◆ **The task**
Output each entry below as it stands, leaving out every picture.

◆ **Material for the task**
------

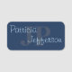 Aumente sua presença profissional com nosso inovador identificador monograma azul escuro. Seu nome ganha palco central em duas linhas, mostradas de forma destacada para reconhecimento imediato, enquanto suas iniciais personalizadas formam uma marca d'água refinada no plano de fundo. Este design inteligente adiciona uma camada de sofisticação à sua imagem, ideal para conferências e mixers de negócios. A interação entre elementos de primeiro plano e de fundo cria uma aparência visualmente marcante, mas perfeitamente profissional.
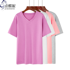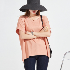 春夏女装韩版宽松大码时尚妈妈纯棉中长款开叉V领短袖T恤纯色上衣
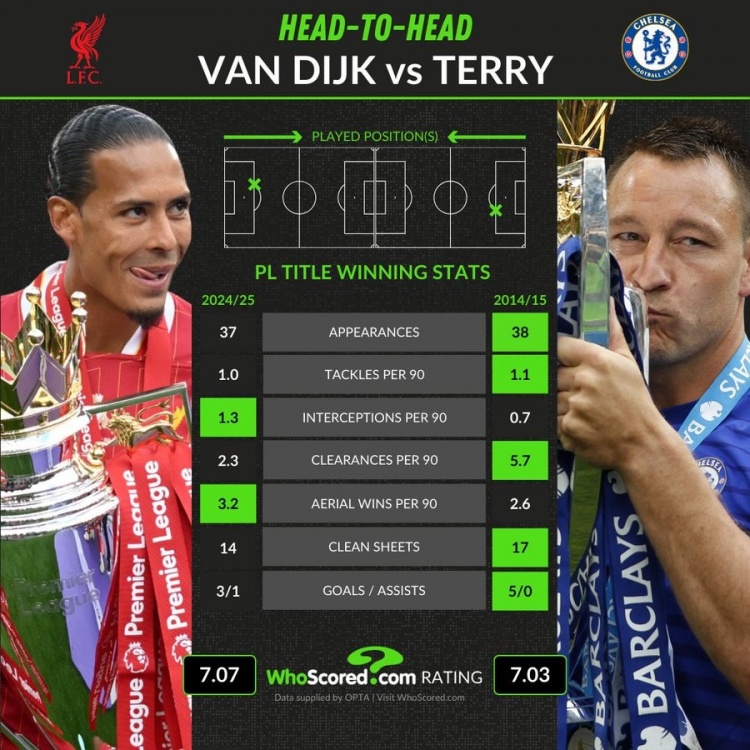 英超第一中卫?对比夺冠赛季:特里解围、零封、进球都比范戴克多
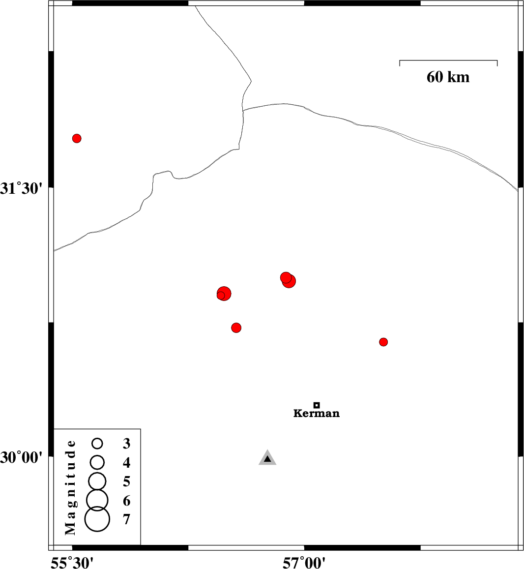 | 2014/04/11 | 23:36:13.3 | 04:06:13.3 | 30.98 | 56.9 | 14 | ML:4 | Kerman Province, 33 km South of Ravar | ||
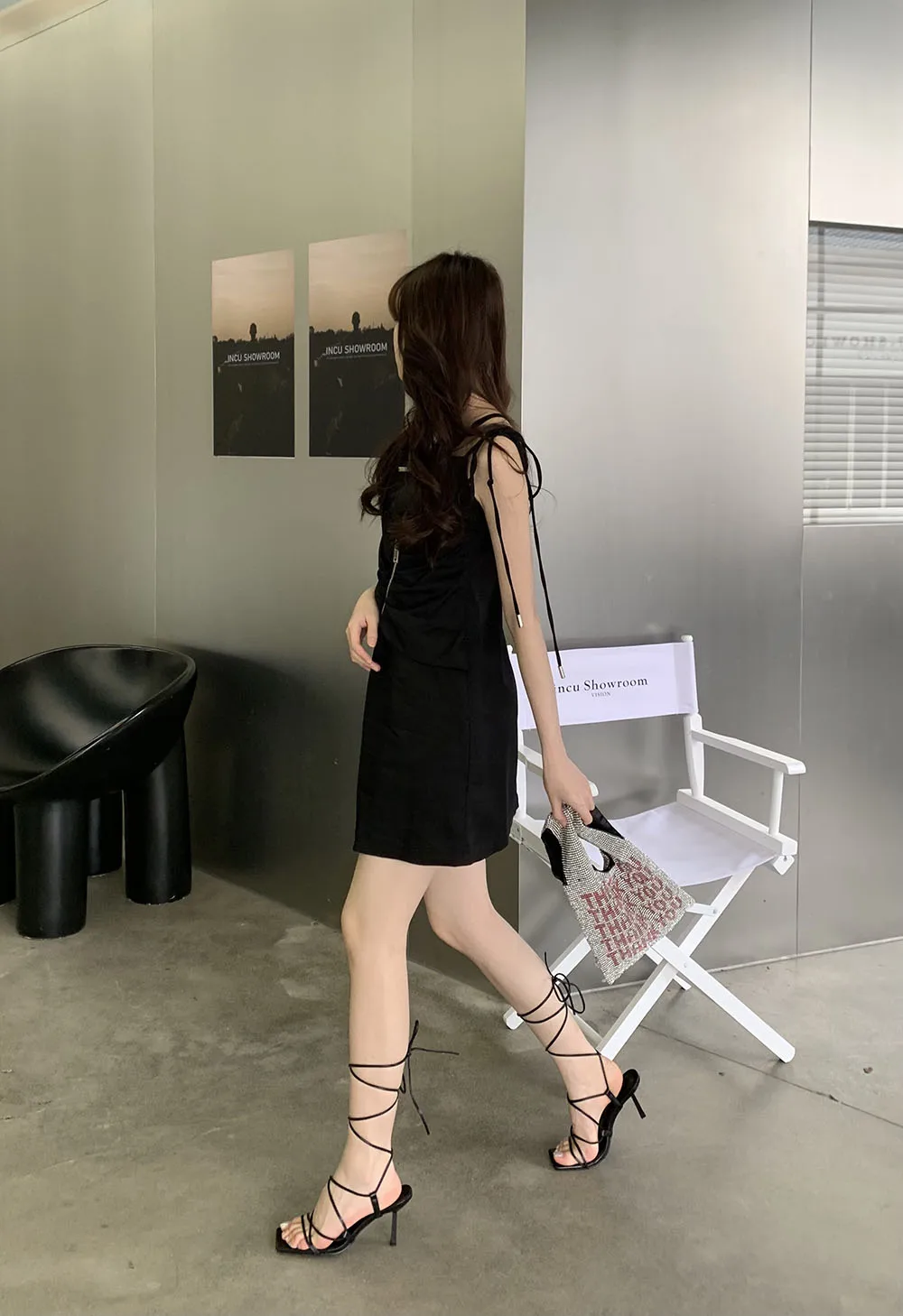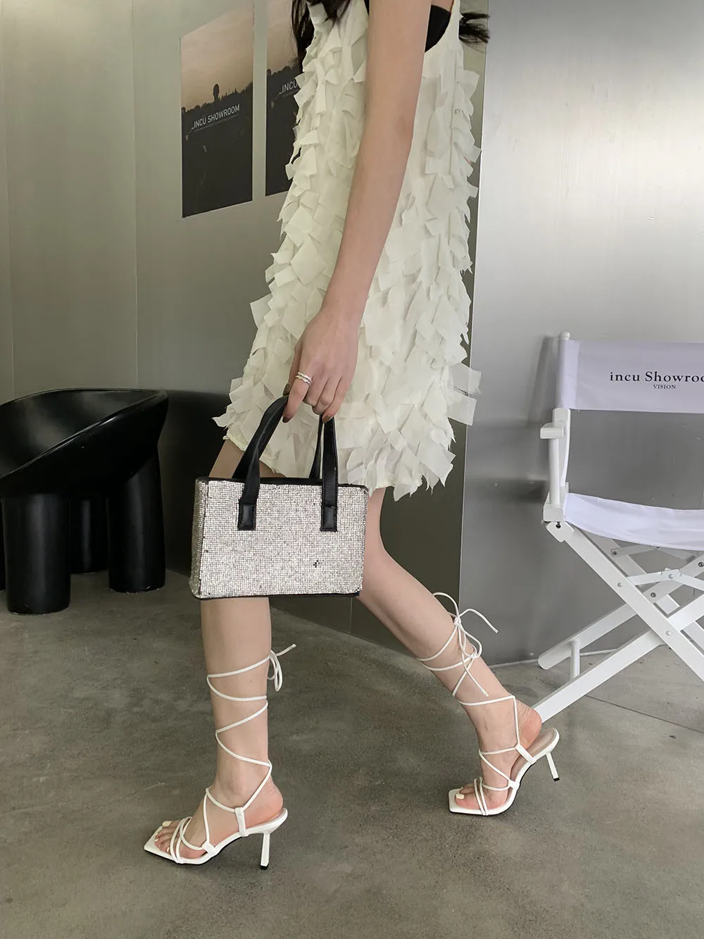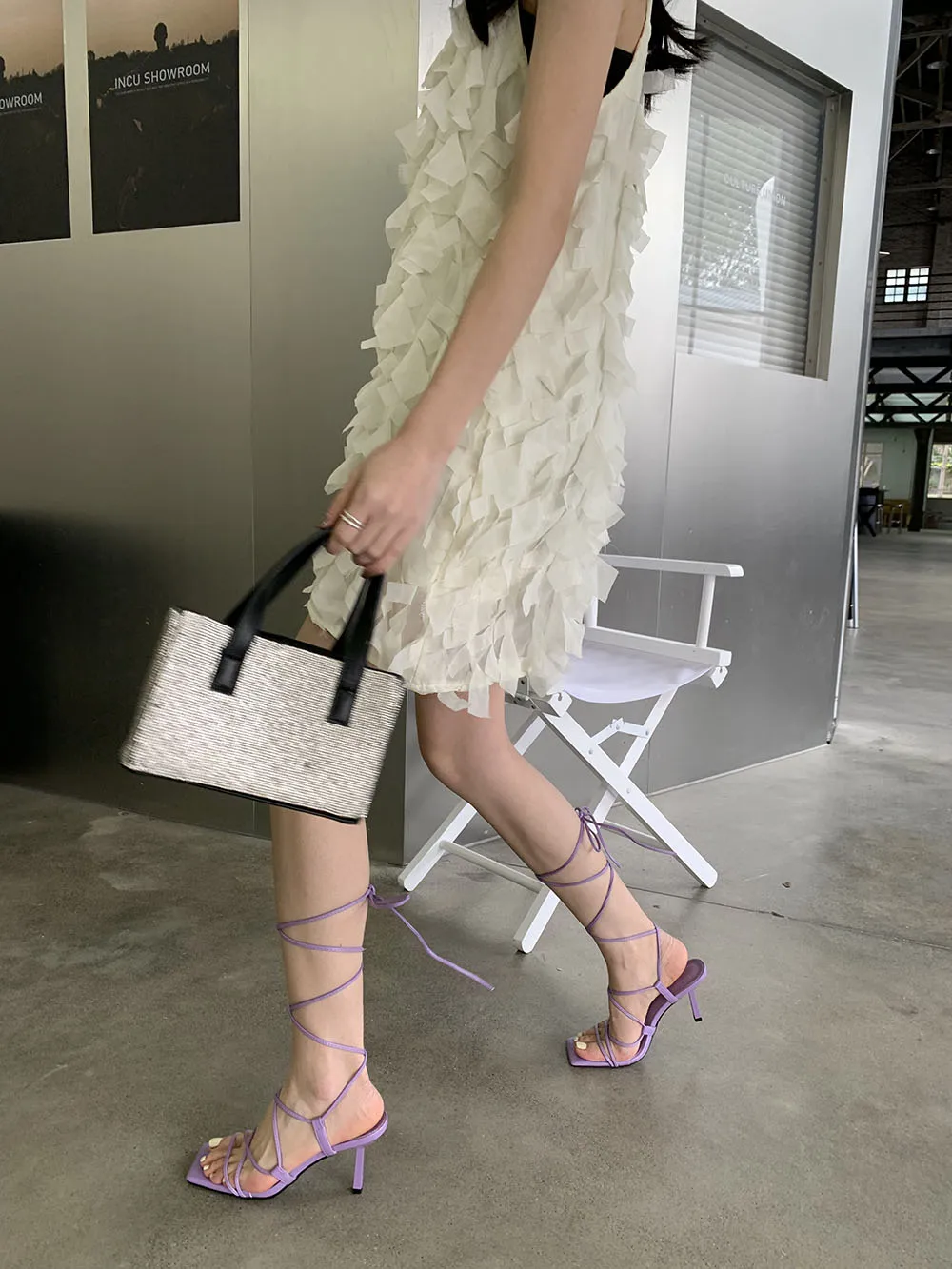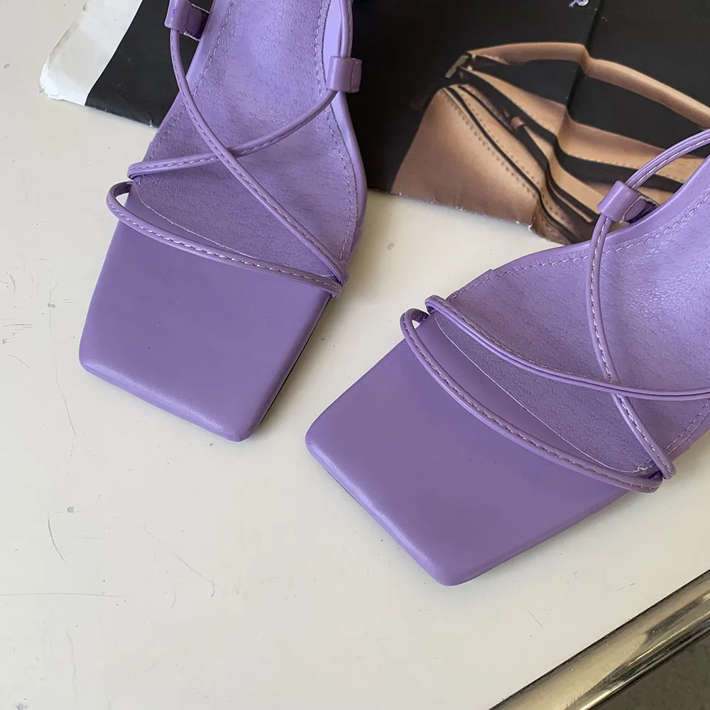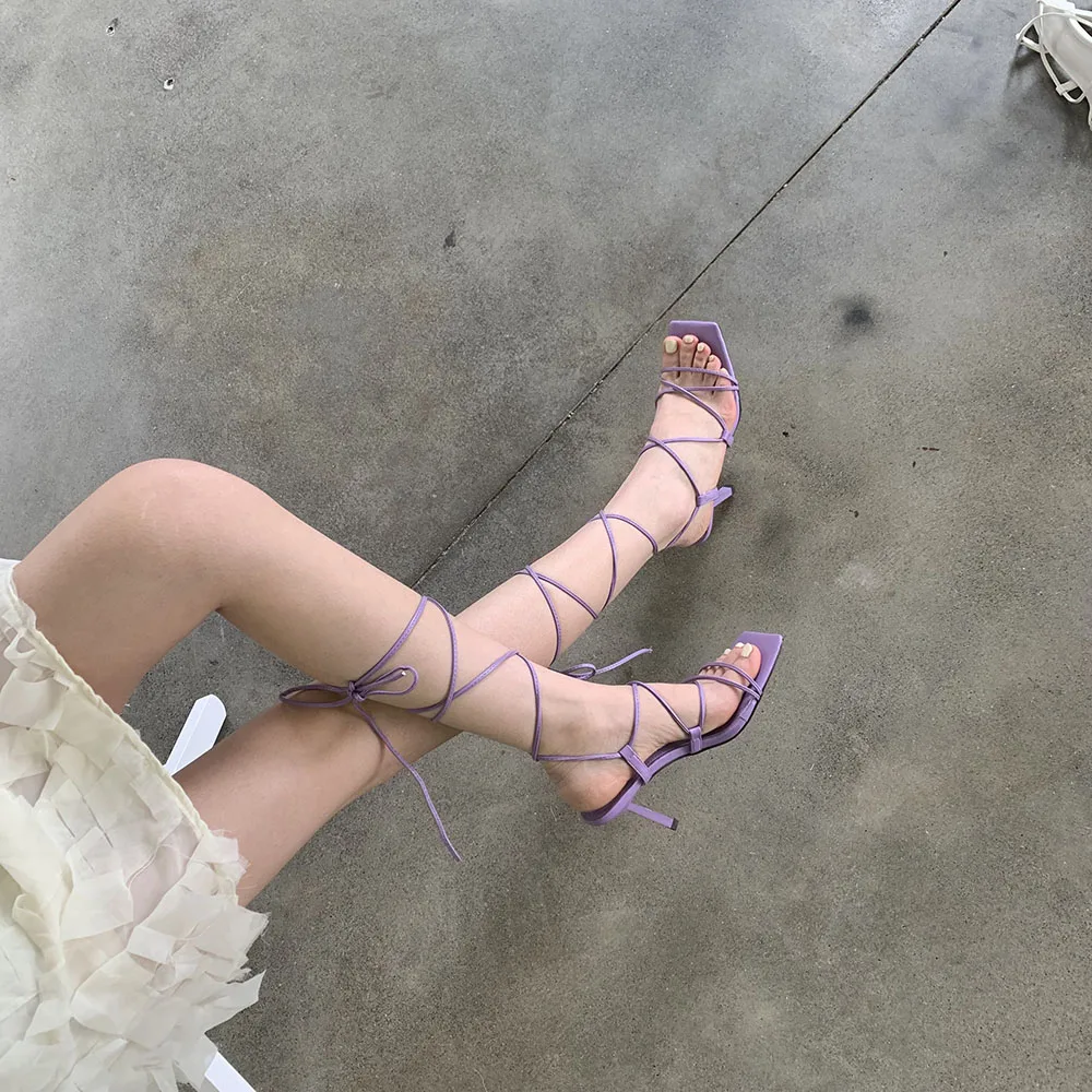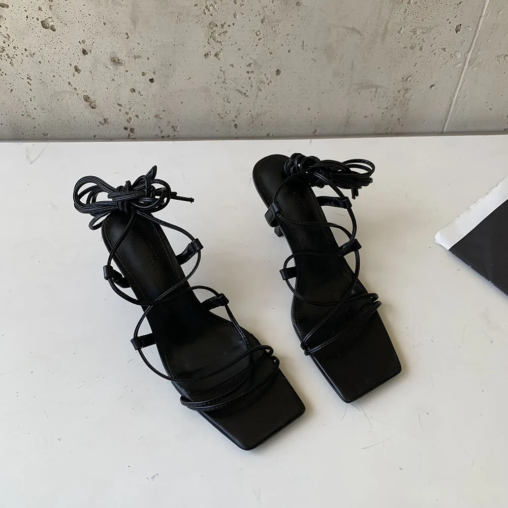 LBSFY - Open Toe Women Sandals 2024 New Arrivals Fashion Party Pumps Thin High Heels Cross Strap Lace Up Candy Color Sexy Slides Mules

------

◆ **Task answer**
 Aumente sua presença profissional com nosso inovador identificador monograma azul escuro. Seu nome ganha palco central em duas linhas, mostradas de forma destacada para reconhecimento imediato, enquanto suas iniciais personalizadas formam uma marca d'água refinada no plano de fundo. Este design inteligente adiciona uma camada de sofisticação à sua imagem, ideal para conferências e mixers de negócios. A interação entre elementos de primeiro plano e de fundo cria uma aparência visualmente marcante, mas perfeitamente profissional.
 春夏女装韩版宽松大码时尚妈妈纯棉中长款开叉V领短袖T恤纯色上衣
 英超第一中卫?对比夺冠赛季:特里解围、零封、进球都比范戴克多
 | 2014/04/11 | 23:36:13.3 | 04:06:13.3 | 30.98 | 56.9 | 14 | ML:4 | Kerman Province, 33 km South of Ravar | ||
 LBSFY - Open Toe Women Sandals 2024 New Arrivals Fashion Party Pumps Thin High Heels Cross Strap Lace Up Candy Color Sexy Slides Mules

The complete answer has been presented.